Morsi se planta
Tras su golpe de autoridad con los generales, el presidente egipcio debe defender la democracia
El golpe de autoridad del presidente egipcio al descabezar la junta militar, y recuperar para sí los vastísimos poderes que se había arrogado y que hipotecaban irremisiblemente la democratización del país árabe, representa un paso importante en la buena dirección. Es la primera vez en la historia política de Egipto que un civil elegido anula decisiones adoptadas por el ejército. Pero sería poco realista considerar que las medidas del islamista Mohamed Morsi zanjan el pulso entre los Hermanos Musulmanes y una casta uniformada que se resiste a perder su voz decisiva.
Para asestar su inesperado y temprano zarpazo al secuestro del poder civil por los generales, Morsi ha contado con una palanca tan crucial como inesperada en los sangrientos acontecimientos del Sinaí, que los egipcios han percibido como un imperdonable fallo de sus responsables militares. También con la presumible complicidad de un puñado de altos mandos, más jóvenes y receptivos a las tesis de los Hermanos Musulmanes. Así se explica la destitución del mariscal Husein Tantaui —hombre de Mubarak, factótum militar durante más de veinte años— y de otra media docena de intocables sin trauma aparente por parte de la institución armada, en la que ahora manda, fulgurantemente, el general más joven de la junta, Abdel Fatah al-Sissi. Es lícito suponer que entre las monedas de cambio figure el mantenimiento de los privilegios castrenses y de su imperio económico.
El Cairo afronta desafíos múltiples y la nueva etapa augura el principio del fin de sesenta años de dominación por sus militares, pero es todavía provisional y está cargada de riesgos.

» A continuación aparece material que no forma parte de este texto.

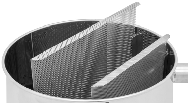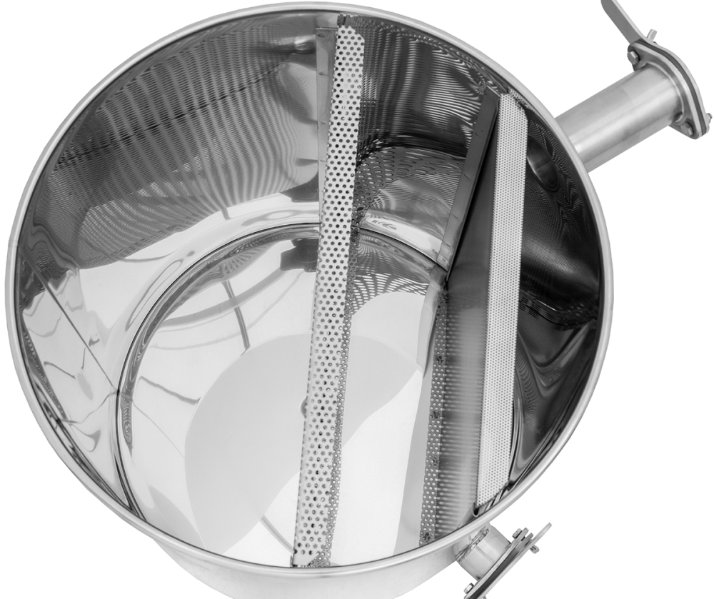 aus Edelstahl mit zwei Senkrecht-Gittersieben grob und fein und halbseitigem Auflagedeckel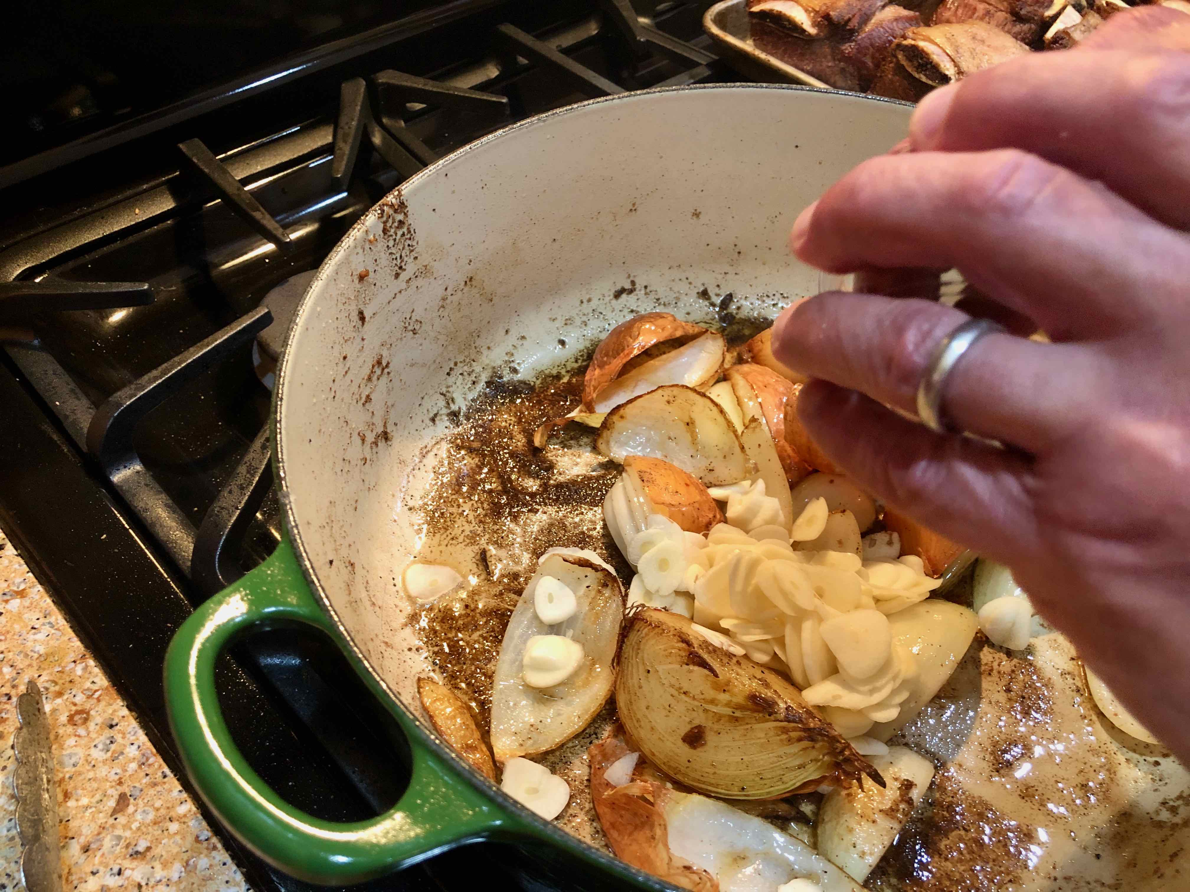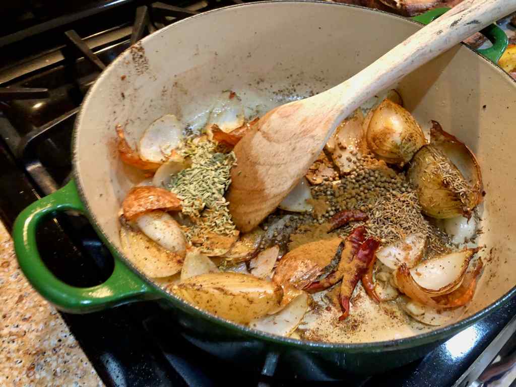 7. Add onions to the pot and season with salt and pepper. Cook, stirring occasionally until the onions have a nice golden-brown color to them, 5–8 minutes, and midway through, add the sliced garlic. Add the 4 whole chiles, or red-pepper flakes, cumin seeds, fennel seeds, coriander seeds, and cinnamon, stirring to coat and toast the spices.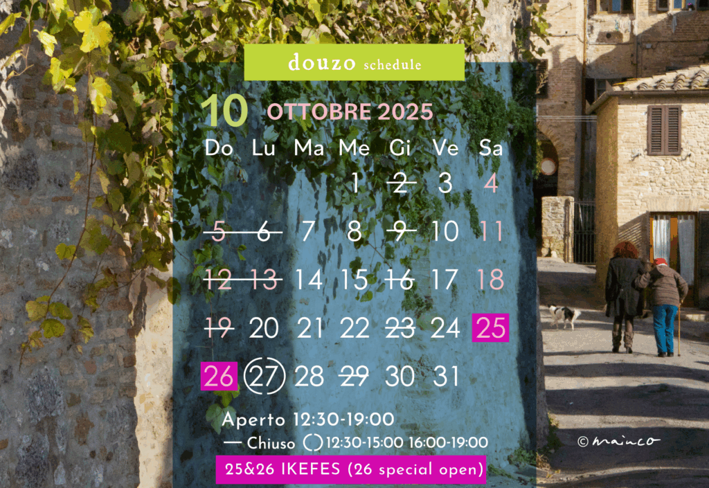 そんな人生のワクワクを、これからもイタリア雑貨とカレンダーやイタリア語はんこ、伏見ビルイラストなどのdouzoグッズ、グラフィックデザインなどのお仕事で沢山の方に伝染できたらこれ以上の喜びはありません。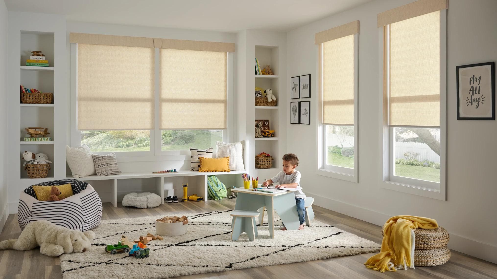 Chez Alta, nous pensons qu'offrir un environnement ultra-sécurisé à votre famille doit être une priorité absolue. Nos options en matière d'habillages de fenêtre sécuritaires pour les enfants sont testées et examinées au plus haut niveau afin d'éviter tout risque d'accident. Les stores motorisés sont également d'excellentes options à prendre en compte pour les habillages de fenêtre sans danger pour la chambre d'enfant. Une simple pression sur un bouton suffit pour que le moteur fasse le travail à votre place. Ces stores peuvent également être commandés à distance ou à l'aide de la technologie sans fil. Avec plusieurs options de stores motorisés, vous êtes sûr de trouver celui qui convient le mieux à votre maison.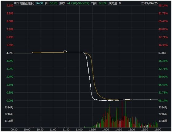 今日午后,港股星亚控股突然遭遇断崖式暴跌。由于港股没有涨跌幅限制,先从数据来看看这夸张下跌速度: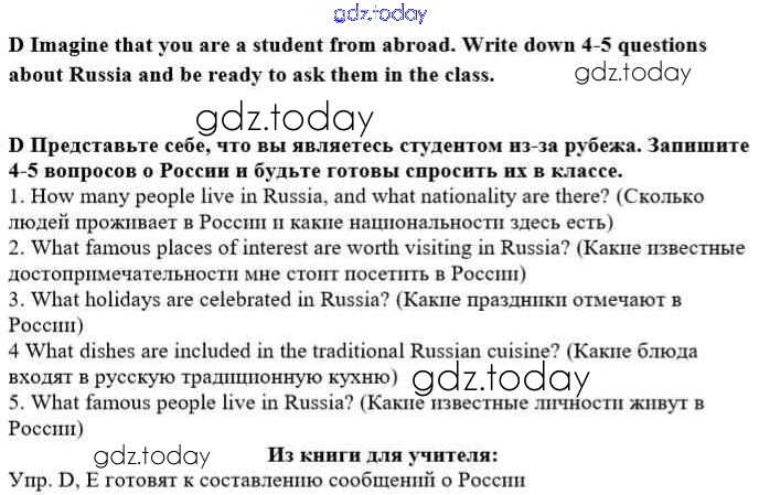 На страницах сайта gdz.today вы найдете учебный и вспомогательный материал, направленный на улучшения знаний школьной программы. ГДЗ - онлайн мир знаний Lessons 1, 2. What would you tell about Russia? Решение к Unit 3 D Учебнику по Английскому языку для 10 класса Кауфман Титул Happy English 2014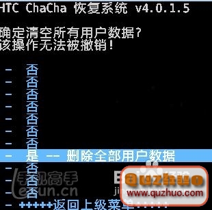 4、使用音量鍵選擇:是 -- 刪除全部用戶數據 按Enter鍵確認開始清空 如下圖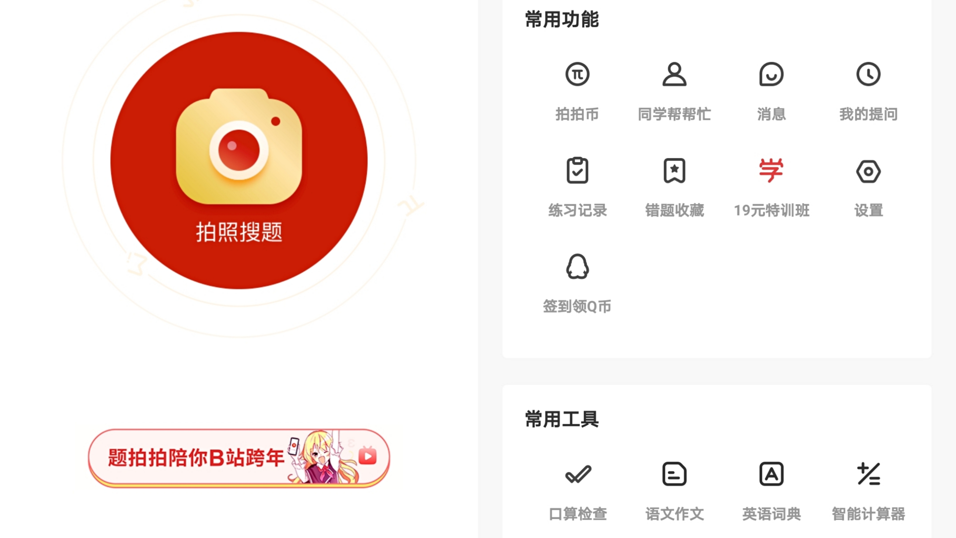可以作为例证的是,即使题拍拍将真人在线免费答题作为宣传噱头,点开题拍拍APP主页,位于最显眼位置的仍是拍照搜题功能。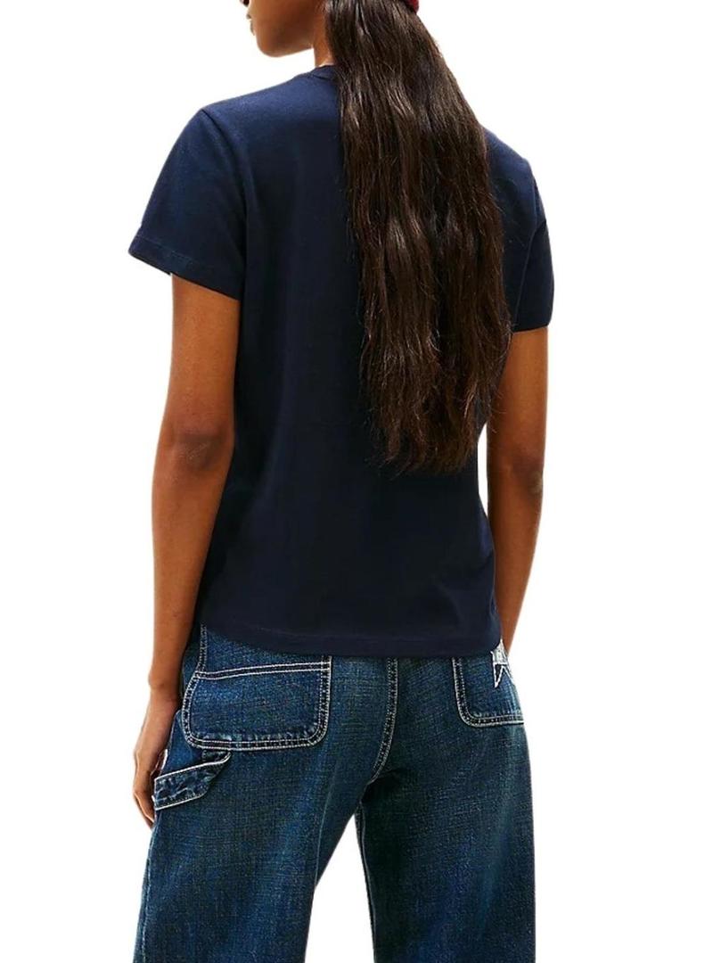 Camiseta Tommy Jeans Essential Logo azul marinho para mulher.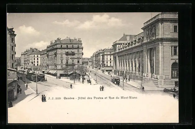 AK Genève, Hôtel des Postes et Rue du Mt-Blanc, Strassenbahn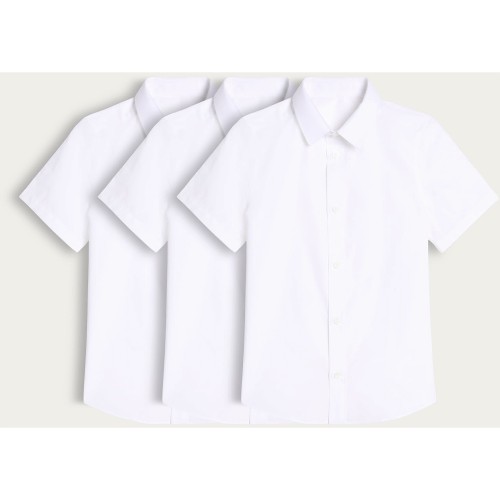 F&F School Boys 3-Pack Regular Fit Short Sleeved Shirts in White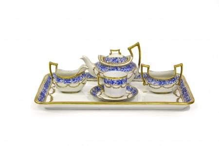 Porcelaine peinte, D. Brandt, comprenant: plateau, théière, sucr...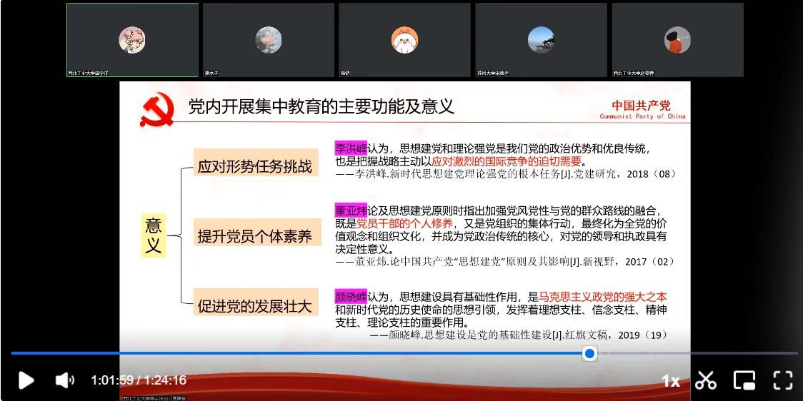 习近平新时代中国特色社会主义思想学习读书会第三十六期活动主题围绕《习近平在学习贯彻习近平新时代中国特色社会主义思想主题教育工作会议上的讲话》进行学习研讨。本次读书会由学院思想政治教育系主任、博士生导师鲁杰教授发起,学院硕士生杨锴主持,苏州大学国产直播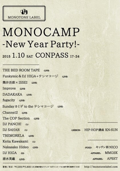 関西を拠点とするインディーレーベル”MONOTONE LABEL”。レーベル所属アーティストが総出演するNEW YEAR PARTY!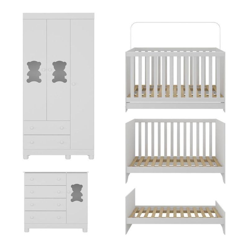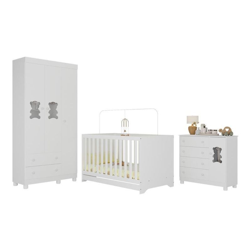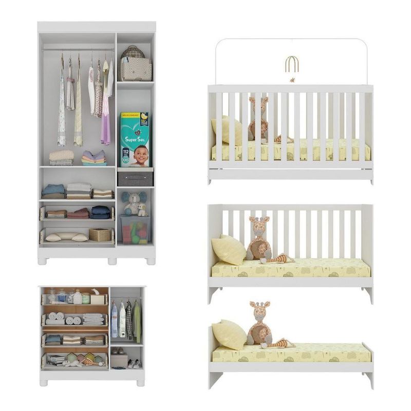 Quarto De Bebê Completo Com Berço Americano 3 Em 1 Fofura Multimóveis MP4653 BrancoImagine um espaço onde o amor se transforma em aconchego. O Quarto de Bebê Completo com Berço Americano 3 em 1 p/Colchão 130x70cm Multimóveis MP4653 foi projetado para oferecer bem-estar e tranquilidade, criando o cenário perfeito para os primeiros anos de vida do bebê.Diferenciais:- 3 anos de garantia contra defeitos de fabricação e material.- Conjunto produzido em madeira de reflorestamento (MDP 12/15mm) com acabamento acetinado (cerca de 20% de brilho): sustentabilidade e durabilidade.- Berço 3 em 1 que se transforma em sofá e minicama, acompanhando o crescimento do bebê.- Lastro em madeira com 3 regulagens de altura e suporte para mosquiteiro para noites mais tranquilas e protegidas.- Berço certificado pelo INMETRO (Selo nº 0000085/2018).- Padrão americano (tamanho do colchão indicado: 130x70cm). Colchão não incluso. - Grade Soft (PVC): ecologicamente correta, com matéria-prima livre de metais pesados, atóxica e com proteção antiamarelamento.- Guarda-roupa com 3 portas e 2 gavetas: amplo espaço para organizar roupinhas e acessórios.- Cômoda com 1 porta e 4 gavetas.- Portas e gavetas produzidas em MDF.- Detalhes de vidro incolor temperado 3mm nas portas: toque charmoso que permite visualizar o interior dos móveis.- Corrediças telescópicas: abertura total e silenciosa das gavetas.- Cabideiro em alumínio: permite acomodar roupas longas e curtas para que não amassem.- Puxadores em ABS delicados e práticos.- Pés em polipropileno e rodapés: visual elegante e estabilidade para o guarda-roupa e a cômoda.- Sistema antitombamento no guarda-roupa e cômoda: proporciona segurança para o bebê e tranquilidade aos pais.Conteúdo da Embalagem:1 (um) Berço1 (um) Guarda-roupa1 (uma) CômodaManual de MontagemKit FerragemDimensões do Produto Montado:Berço - Altura: 80,5cm | Largura: 133cm | Profundidade: 77,5cmGuarda-roupa - Altura: 189cm | Largura: 92cm | Profundidade: 41cmCômoda - Altura: 88cm | Largura: 95cm | Profundidade: 42cm*Você pode consultar as medidas detalhadas na imagem técnica do produto.Observações Importantes:*As cores dos produtos podem sofrer variações de tonalidade de acordo com as configurações do seu dispositivo.*Aqui na Loja Multimóveis, você pode concluir sua compra facilmente com toda segurança. A entrega é garantida e você está em 1° lugar.*Imagens meramente ilustrativas (decoração não inclusa).*Os produtos serão entregues desmontados e não disponibilizamos o serviço de montagem. Acabamento: Finish Foil/Pintura UV | Tonalidade: Branco | Material: MDP | Referência do Modelo: MP4653 | Coleção: Fofura | Sistema de Montagem: O produto acompanha manual de montagem juntamente com kit ferragem. O produto será entregue desmontado e não disponibilizamos o serviço de montagem. | Instruções de Cuidado: Limpar com pano seco para retirar o pó. Não utilizar produtos químicos ou abrasivos. Não aplicar lustra móveis. | Produto Composto por: 1 berço, 1 guarda-roupa, 1 cômoda, manual de montagem e kit ferragem. | Altura Montado: 189 | Largura Montado: 92 | Profundidade Montado: 41 | Tamanho (L x A x P): 92 x 189 x 41 | Peso do Produto: 107 | Corrediça: Telescópica | Inclui Berço: Sim | Acompanha Colchão: Não | Inclui Guarda-Roupa: Sim | Inclui Gaveteiro: Sim | Material do Puxador: ABS | Quantidade de Portas: 4 | Quantidade de Gavetas: 6 | Quantidade de Puxadores: 16 | RBN: 17352335011 | Quantidade de Pés: 11 | Quantidade de Peças: 3 | Material dos Pés: Polipropileno | Produto: Conjunto de Quarto | Portátil: Não | Registro INMETRO: 0000085/2018 | Fabricante: Multimóveis | Regulamentado pelo INMETRO: Sim | Garantia do Fabricante: 3 | Requer Montagem: Sim | Altura do Produto com Embalagem: 48 | Largura do Produto com Embalagem: 82 | Comprimento do Produto com Embalagem: 188 | Peso do Produto com Embalagem: 107 | Nome do Produto no Fornecedor: | Estado de Origem: RS | Produto precisa de Montagem?: Sim, sugerimos a contratação do nosso serviço de montagem (para os CEPs em que o serviço está disponível) ou de algum profissional experiente de sua preferência | Tempo de Garantia: 3 meses | Descrição do Tamanho: (L x A x P): 92 x 189 x 41 cm | Tipo de cama: Berço | Marca: Multimóveis | Tamanho da cama: Berço | Quantidade de criados mudos: 0 | Tipo de madeira: N/A | Comprimento da cama: 77,5 cm | Altura da cama: 80,5 cm | É Kit de fábrica: Sim | Estilo: Moderno | Largura da cama: 133 cm | Idade recomendada: 0-24 meses | Idade: Bebê | Quantidade de caixas de embalagem: 05 | Destaque 1: Produzido em MDP/MDF com acabamento acetinado: durabilidade e resistência. | Destaque 2: Berço 3 em 1: transforma-se em sofá e minicama, acompanhando as fases da criança. | Destaque 3: Guarda-roupa com 3 portas, 2 gavetas e cabideiro de alumínio. | Destaque 4: Cômoda com 1 porta e 4 gavetas: amplo espaço interno. | Destaque 5: Corrediças telescópicas: abertura total e silenciosa das gavetas. | Baterias são necessárias?: Não | Certificação de teste externa: 0000085/2018 | Is Fragile: Não | Dimensões do item P x L x A: length#value=41;length#unit=centimeters;width#value=92;width#unit=centimeters;height#value=189;height#unit=centimeters | Quantidade de itens: 1 | Peso do item: unit=kilograms;value=107 | Número da peça: MP4653.697 | Inclui manual de montagem: Sim | Tipo de Garantia: Garantia do Fabricante | Montagem: Necessita Montagem | País de Origem: Brasil | Palavras-chave: berco com colchao, berco pequeno bercos moveis, berco que vira cama, berco mini cama, berco, quarto completo de bebe, berco e guarda roupa, kit quarto bebe, quarto de bebe completo, quarto de bebe, quarto bebe, jogo de quarto bebe, quarto completo bebe, kit quarto bebe moveis, quarto infantil bebe, kit quarto de bebe, berço e guarda roupa | Inclui cômoda trocador: Não | Cor: Branco
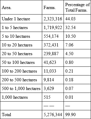 According to the agricultural statistics gathered in Germany on June 2, 1882, the farms fell into the following categories according to size: —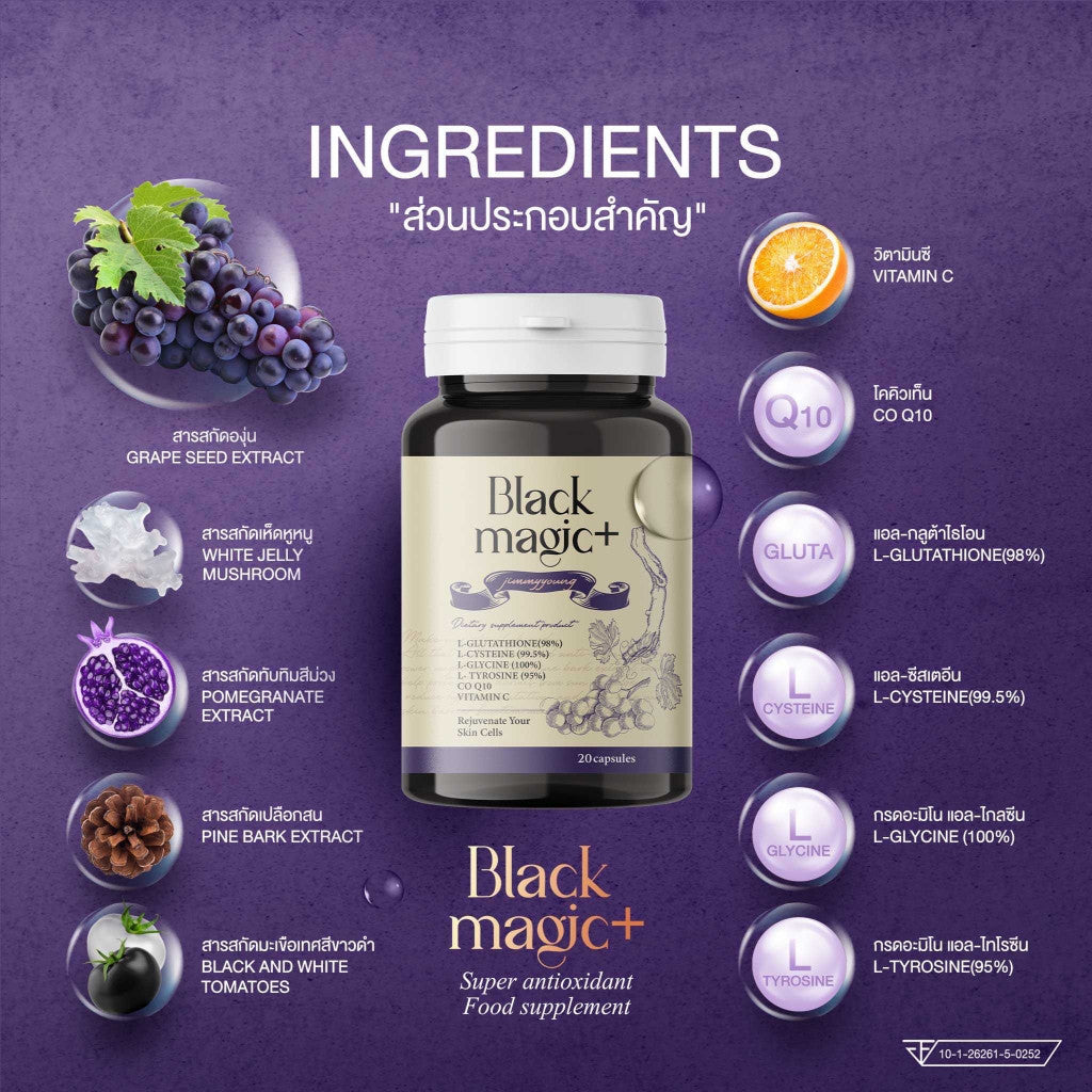 Black Magic Plus Gluta New formula Black gluta pills Skin work that cannot be found anywhere With concentrated anti-aging black fruit extract Packed in a single jar Packed with skin extracts Amount of mechanisms to accelerate white skin Aura skin concentrated See results quickly Produced from a factory that has received international standards

Uno acuciante es el poder casi ilimitado del jefe del Estado. Egipto no tiene ni Parlamento, disuelto, ni Constitución; la oposición laica es un rompecabezas y el presidente se ha convertido en elemento casi único en torno al cual pivota la vida institucional. Morsi, que fue rechazado por la mitad de los votantes, tiene la obligación urgente de soldar un país fracturado y de probar sus credenciales democráticas. Nada mejor para ello que convocar lo antes posible nuevas elecciones generales y ocuparse de que la Constitución que se redacta, de inspiración islamista, sea inequívocamente incluyente.
Liberales, izquierdistas o cristianos pueden no ser gratos a los dominantes Hermanos Musulmanes, pero resultan imprescindibles para alumbrar un Egipto plural y justo.